Weakly supervised anomaly detection has shown substantially improved performance over the self supervised approaches by leveraging the available video-level annotations. These annotation only gives a binary label of abnormal or normal for a video. Sultani et al. [21] propose the MIL framework using only video-level labels and introduce the large-scale anomaly detection dataset, UCF-Crime. This work inspires quite a few follow-up studies [30], [17], [26], [28], [27], [7], [22], [14].

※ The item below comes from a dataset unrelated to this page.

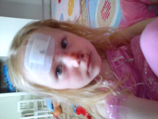 Filippa var så duktig inne på akuten och sa inte ett knyst. Dom limade och gjorde rent det djupaste såret i pannan.
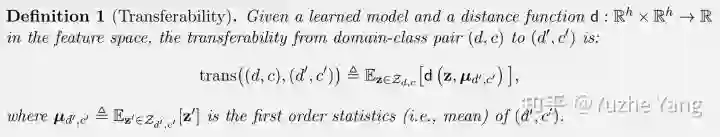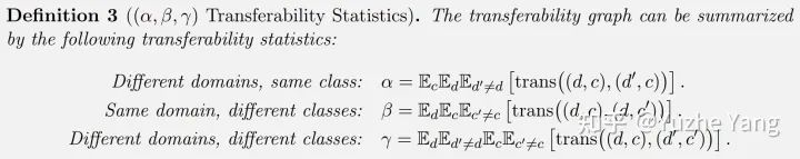 显而易见,我们希望相同的数字(即相同类别)的域类对更接近,而不同类别的域类对互相远离;而这种关系,能够更加被抽象化成三种可转移性统计量:不同domain相同class(

However, in the MIL-based methods, abnormal video labels are not easy to be used effectively. Typically, the classification score is used to tell if a snippet is abnormal or normal. This score is noisy in the positive bag, where a normal snippet can be mistakenly taken as the top abnormal event in an anomaly video. To deal with this problem, Zhong et al. [30] treat this problem as a binary classification under noisy label problem and use a graph convolution neural (GCN) network to clear the label noise. In [7], a multiple instance self-training framework (MIST) is proposed to efficiently refine task-specific discriminative representations with a multiple instance pseudo label generator and a self-guided attention boosted feature encoder. In [28], a weakly-supervised spatio-temporal anomaly detection is proposed to localize a spatio-temporal tube that encloses the abnormal event. In [28], causal temporal cue and feature discrimination are explored. In [17], a high-order context encoding model is used to to encode temporal variations as well as high-level semantic information for weak-supervised anomaly detection.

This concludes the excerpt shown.